__Your assignment__: Below is a listing. Return the lines from the one that contains "10 Окт 2013" to the one that contains "3、烧热 砂窝下油1汤匙,放", both ends included, verbatim and with no pictures.

__Raw data__:
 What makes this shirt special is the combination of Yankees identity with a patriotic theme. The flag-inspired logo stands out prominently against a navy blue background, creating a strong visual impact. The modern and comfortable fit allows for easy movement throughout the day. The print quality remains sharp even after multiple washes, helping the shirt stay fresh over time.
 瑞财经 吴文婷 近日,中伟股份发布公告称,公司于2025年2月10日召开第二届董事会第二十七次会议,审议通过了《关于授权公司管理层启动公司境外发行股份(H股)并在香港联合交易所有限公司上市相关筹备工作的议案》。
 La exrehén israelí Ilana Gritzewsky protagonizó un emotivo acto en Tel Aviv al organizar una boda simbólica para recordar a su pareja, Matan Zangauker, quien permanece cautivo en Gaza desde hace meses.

...

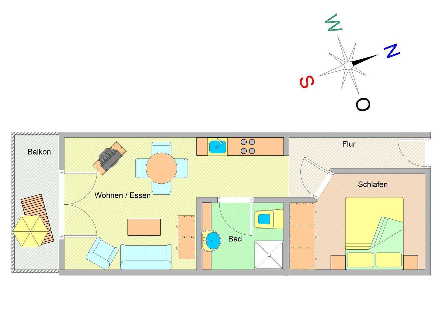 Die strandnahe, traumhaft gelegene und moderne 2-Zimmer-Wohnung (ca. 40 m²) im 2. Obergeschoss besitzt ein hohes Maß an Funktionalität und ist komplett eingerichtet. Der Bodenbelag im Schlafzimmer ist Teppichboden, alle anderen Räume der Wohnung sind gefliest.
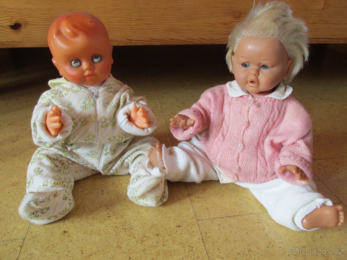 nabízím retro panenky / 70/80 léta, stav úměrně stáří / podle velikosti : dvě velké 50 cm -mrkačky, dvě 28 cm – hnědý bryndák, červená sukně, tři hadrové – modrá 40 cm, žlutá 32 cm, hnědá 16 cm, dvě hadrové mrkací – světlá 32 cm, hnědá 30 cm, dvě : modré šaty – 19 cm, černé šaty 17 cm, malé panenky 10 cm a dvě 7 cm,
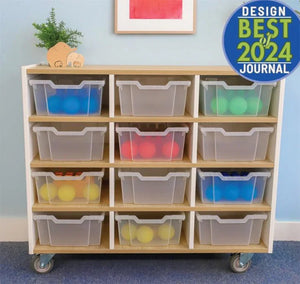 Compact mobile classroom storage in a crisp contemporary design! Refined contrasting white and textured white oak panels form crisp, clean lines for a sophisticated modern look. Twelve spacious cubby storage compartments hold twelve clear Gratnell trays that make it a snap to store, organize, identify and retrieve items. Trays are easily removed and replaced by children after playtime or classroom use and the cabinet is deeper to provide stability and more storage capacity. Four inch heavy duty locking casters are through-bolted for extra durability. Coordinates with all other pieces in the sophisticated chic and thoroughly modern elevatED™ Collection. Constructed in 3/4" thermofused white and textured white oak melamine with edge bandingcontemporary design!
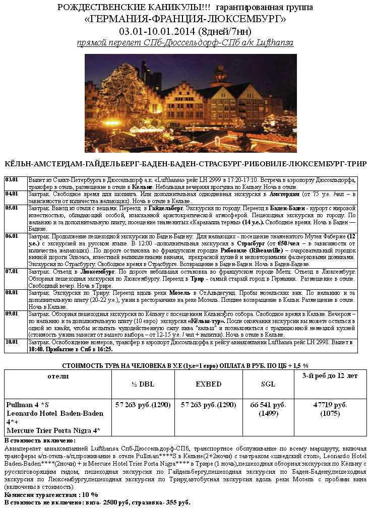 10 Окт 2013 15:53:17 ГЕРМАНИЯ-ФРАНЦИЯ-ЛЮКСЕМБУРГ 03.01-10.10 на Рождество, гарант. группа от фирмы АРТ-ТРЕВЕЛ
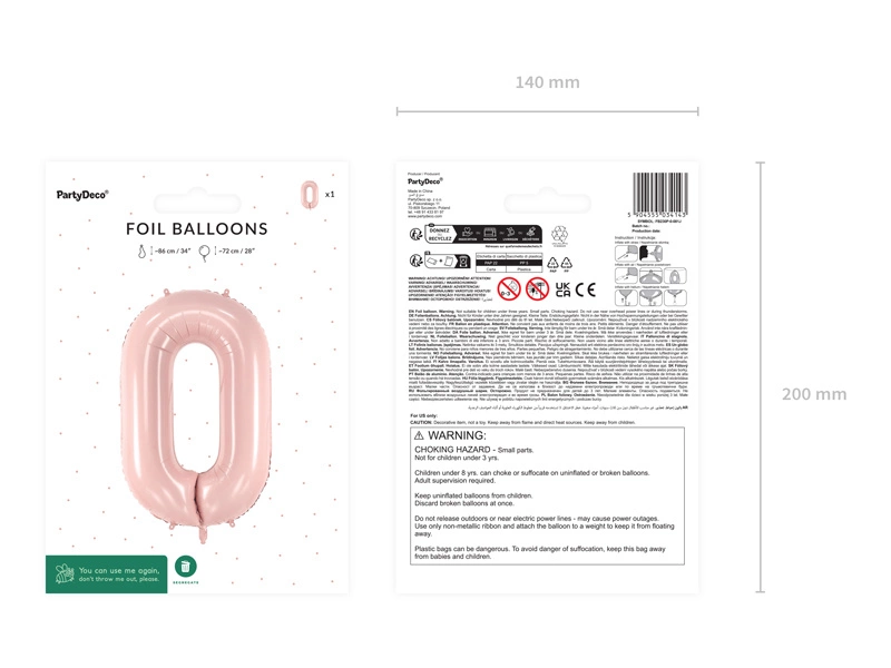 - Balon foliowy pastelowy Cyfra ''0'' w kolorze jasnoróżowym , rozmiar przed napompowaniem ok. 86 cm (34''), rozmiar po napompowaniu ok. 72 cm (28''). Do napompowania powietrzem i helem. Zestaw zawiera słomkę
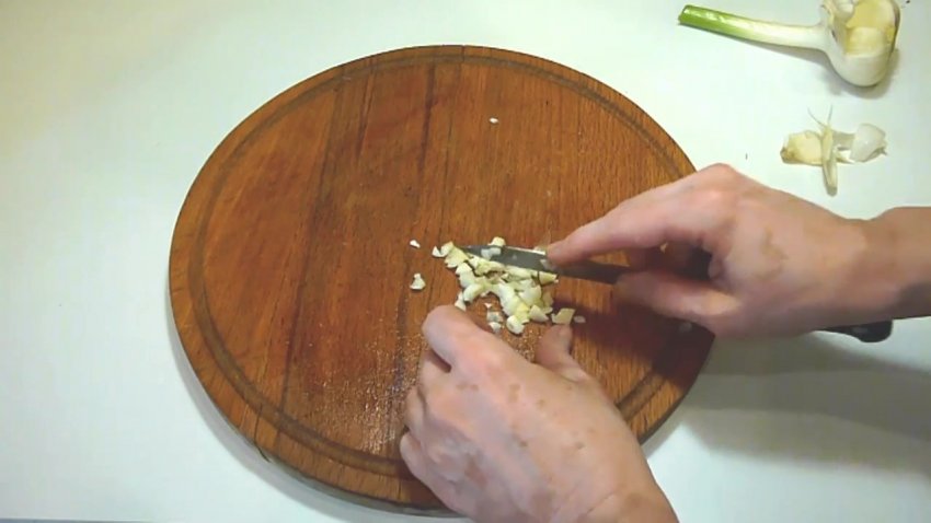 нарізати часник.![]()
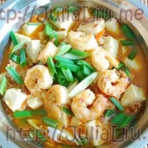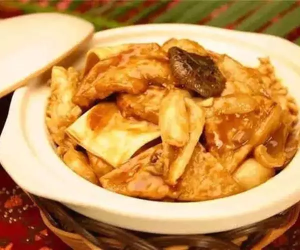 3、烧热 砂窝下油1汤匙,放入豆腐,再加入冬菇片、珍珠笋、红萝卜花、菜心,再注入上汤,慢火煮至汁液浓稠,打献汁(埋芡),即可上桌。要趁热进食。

==

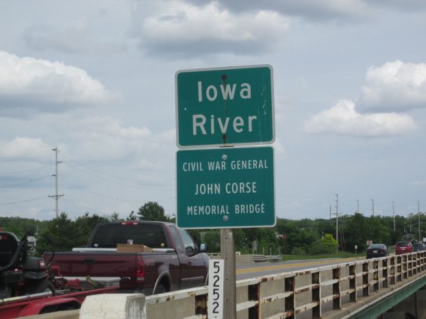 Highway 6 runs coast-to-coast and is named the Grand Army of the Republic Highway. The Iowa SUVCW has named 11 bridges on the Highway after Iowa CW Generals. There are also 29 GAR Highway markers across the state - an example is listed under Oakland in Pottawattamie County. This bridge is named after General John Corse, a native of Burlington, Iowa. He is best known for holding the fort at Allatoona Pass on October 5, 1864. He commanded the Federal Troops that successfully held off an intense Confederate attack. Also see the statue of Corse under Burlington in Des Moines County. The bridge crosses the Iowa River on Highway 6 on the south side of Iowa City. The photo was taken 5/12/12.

__Answer space__:
 10 Окт 2013 15:53:17 ГЕРМАНИЯ-ФРАНЦИЯ-ЛЮКСЕМБУРГ 03.01-10.10 на Рождество, гарант. группа от фирмы АРТ-ТРЕВЕЛ
 - Balon foliowy pastelowy Cyfra ''0'' w kolorze jasnoróżowym , rozmiar przed napompowaniem ok. 86 cm (34''), rozmiar po napompowaniu ok. 72 cm (28''). Do napompowania powietrzem i helem. Zestaw zawiera słomkę
 нарізати часник.![]()
 3、烧热 砂窝下油1汤匙,放入豆腐,再加入冬菇片、珍珠笋、红萝卜花、菜心,再注入上汤,慢火煮至汁液浓稠,打献汁(埋芡),即可上桌。要趁热进食。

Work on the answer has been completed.